Zarif, who is at the World Economic Forum in the Swiss ski resort of Davos, did not specify where the talks would be held, or when the resumption was agreed with Ashton.

Meanwhile, a senior Iranian official Saturday dismissed the need for a Tehran office for U.N. inspectors tasked with monitoring Iran’s partial nuclear freeze, Mehr news agency said, according to AFP.

The head of the International Atomic Energy Agency had said the watchdog may ask Iran for permission “to set up a temporary office to provide logistical support,” for its inspectors.

U.N. inspectors are in Iran to monitor the implementation of a nuclear deal with Western powers that took effect on Monday, after Iran stopped enriching uranium above five percent fissile purities at its Natanz and Fordo facilities.

“In our opinion, by considering the volume of nuclear activities in the country, there is no need for setting up a nuclear watchdog office in Iran,” said Reza Najafi, Tehran’s envoy to the IAEA.

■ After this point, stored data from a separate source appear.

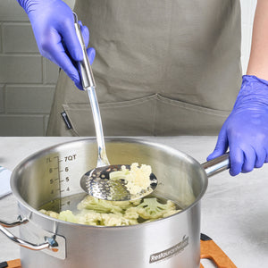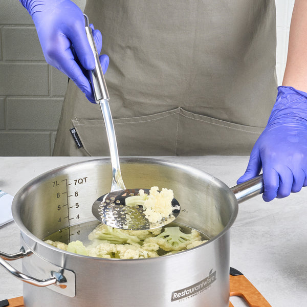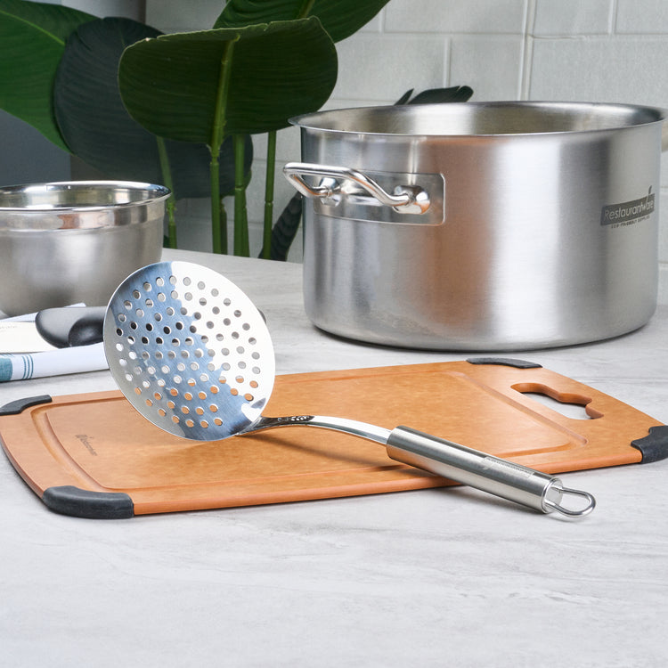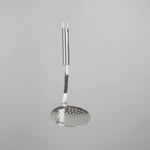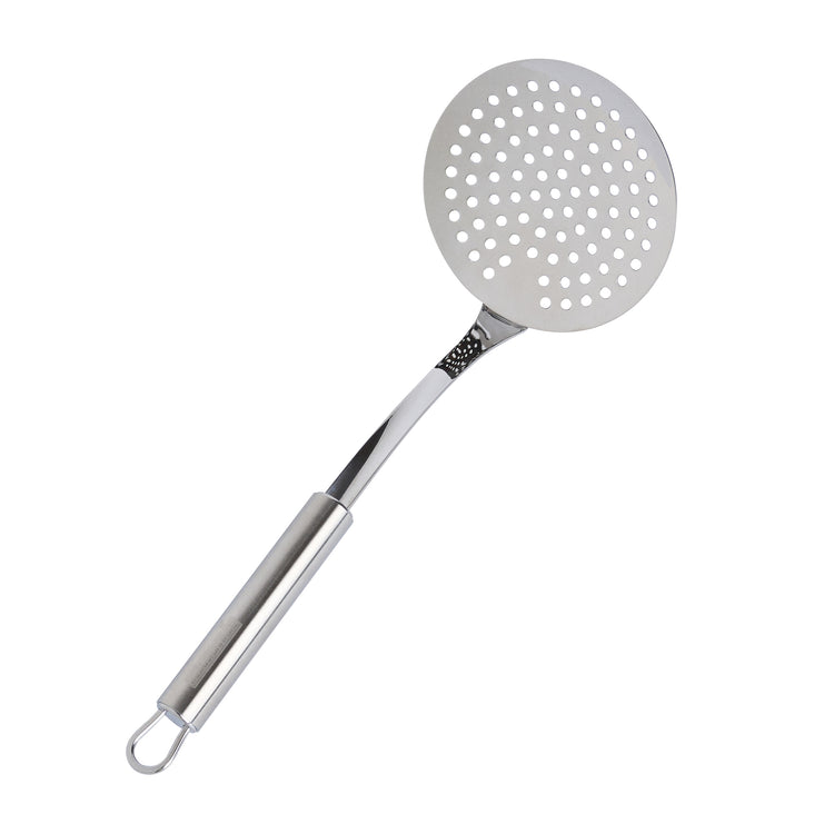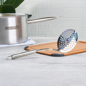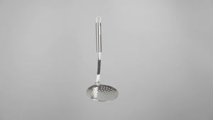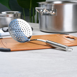 Experience the utmost in culinary efficiency with our German Standard Stainless Steel Skimmer. Featuring a concave head with precision perforated holes, this stainless steel skimmer effortlessly scoops food from hot liquids while retaining the liquid within the pan. Featuring an ergonomic long handle, this slotted spoon ensures a firm grip while retrieving food from liquids or sauces. This skimmer spoon is made from premium stainless steel for robust durability and long-lasting performance in your kitchen. The built-in eyelet hook of this frying spoon allows convenient storage when not in use. For quick and easy cleanup, this fryer spoon is dishwasher-safe and ideal for busy kitchens. This stainless steel skimmer spoon measures 12.1 inches in length by 4.3 inches in width. Sold in a 1 count box.
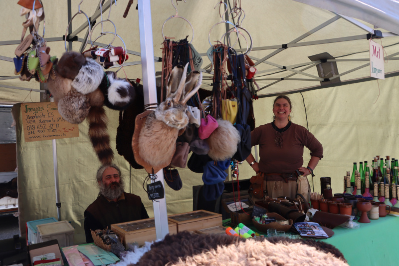 Unverlegen für Y ist man bei Freyjas Swissteam: «Yak-Felle haben wir nicht», lacht die Frau am Stand hinter Trinkhörnern, Honigweinen und Geweihen. «Aber Felle von Schaf, Hase, Bison, Fuchs und Kojote.» Pelzig, ihre Auswahl.
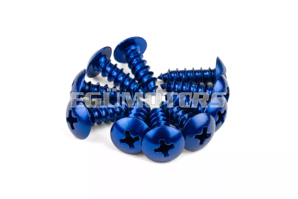 Kiváló minőségű, kék színű alumínium önmetsző csavarok idomok rögzítéséhez. Ideális megoldás a burkolatelemek biztonságos felfogatására, miközben egy kis optikai tuningot is ad a motor vagy robogó megjelenéséhez.

“We have not received such a request from the IAEA for setting up an office in Tehran,” Najafi told Mehr news agency.

On Friday, IAEA chief Yukiya Amano said he might seek Iran’s permission for a Tehran office for inspectors.

IAEA needs to “double our staff and efforts” in order to carry out its role in monitoring the November deal which will require intensive checks over the next six months,” Amano said.

The IAEA had won backing from member states for its efforts to monitor Iran’s partial nuclear freeze, which will require an extra 5.5 million euros ($7.5 million), he added.

The United States, France, Britain and Germany were among those who had offered to contribute funds, IAEA chief said.

The IAEA currently has two teams of two inspectors each that take turns to monitor sites in Iran.

Under the interim six-month accord reached in Geneva last November, Tehran is required to freeze or curb its nuclear activities for six months in exchange for some sanctions relief while the two sides try to reach a comprehensive agreement.

The so-called P5+1 is composed of the United States, Britain, France, Russia and China plus Germany.